Micro-capsule swimmer controlled by flow oscillation

Recently, many kinds of micro-swimmer have been proposed for medical and engineering applications. The flow field around a micro-swimmer can be regarded as Stokes flow, in which the swimmer cannot migrate by reciprocal motion. We propose a novel micro-capsule model that propel itself by nonreciprocal deformation under flow oscillation conditions in Stokes flow regime. To the best of our knowledge, this is the first study on the propulsion principle using an elastic capsule, and one of only a few studies using flow oscillation.

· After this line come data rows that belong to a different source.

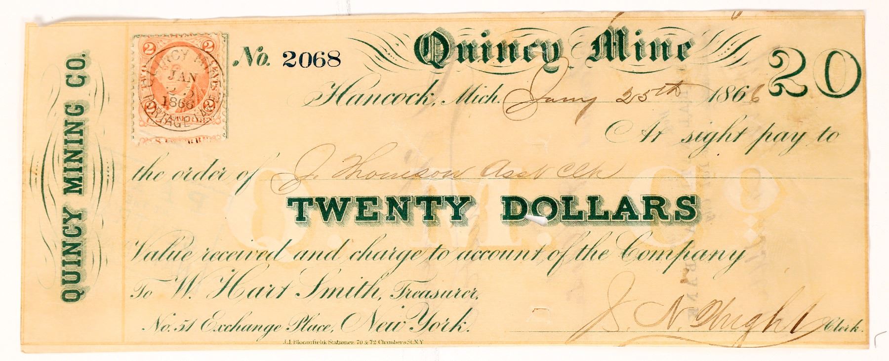 An example of private money, 1866 scrip with 2c orange Washington adhesive revenue.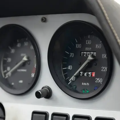 Its Azzurro Chiaro paint has stayed in good condition, with matching “397” body tags on its glass fibre panels and door hinges. This corresponds to Lancia factory records to the body no. 397, which left Bertone’s Grugliasco works on 21 October 1974, and was completed on 9 January 1975 for the Italian market. Inside, its black Alcantara seats have been kept well preserved, extending to the “Sereno” carpets, seat shells, and dashboard.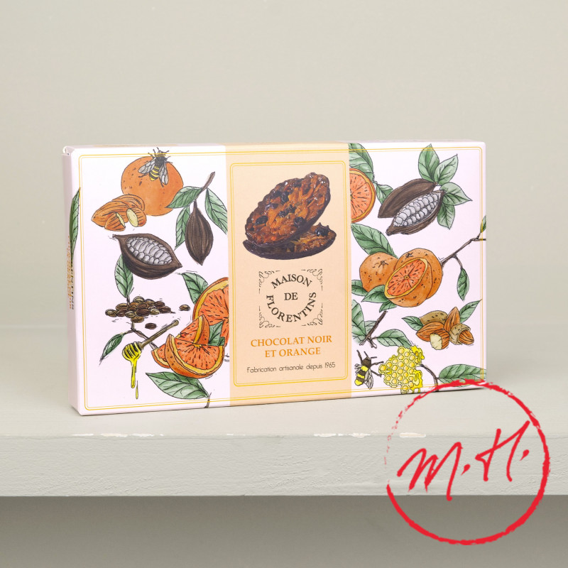 Discover orange and dark chocolate florentins from Maison de Florentins, handmade near Nantes to a traditional recipe. Each cookie is rich in almonds, butter and cream, with a nougatine base delicately coated in dark chocolate.

The micro-capsule consists of a thin elastic membrane containing fluid and a rigid sphere. A micro-capsule in liquid is oscillated by a vertical excitation force. The flow oscillation generates opposing forces on a capsule and a rigid sphere, because the densities of the internal fluid and sphere are different. The opposing forces induce nonreciprocal body deformation. Thus, our micro-capsule locomotes upward overcoming gravity. Using numerical simulations, we found that the micro-swimmer propel itself by effective and recovery strokes. We discuss the feasibility of the proposed micro-swimmer and show that the most efficient swimmer can migrate tens of micro-meters per second. These new findings pave the way for future artificial micro-swimmer designs.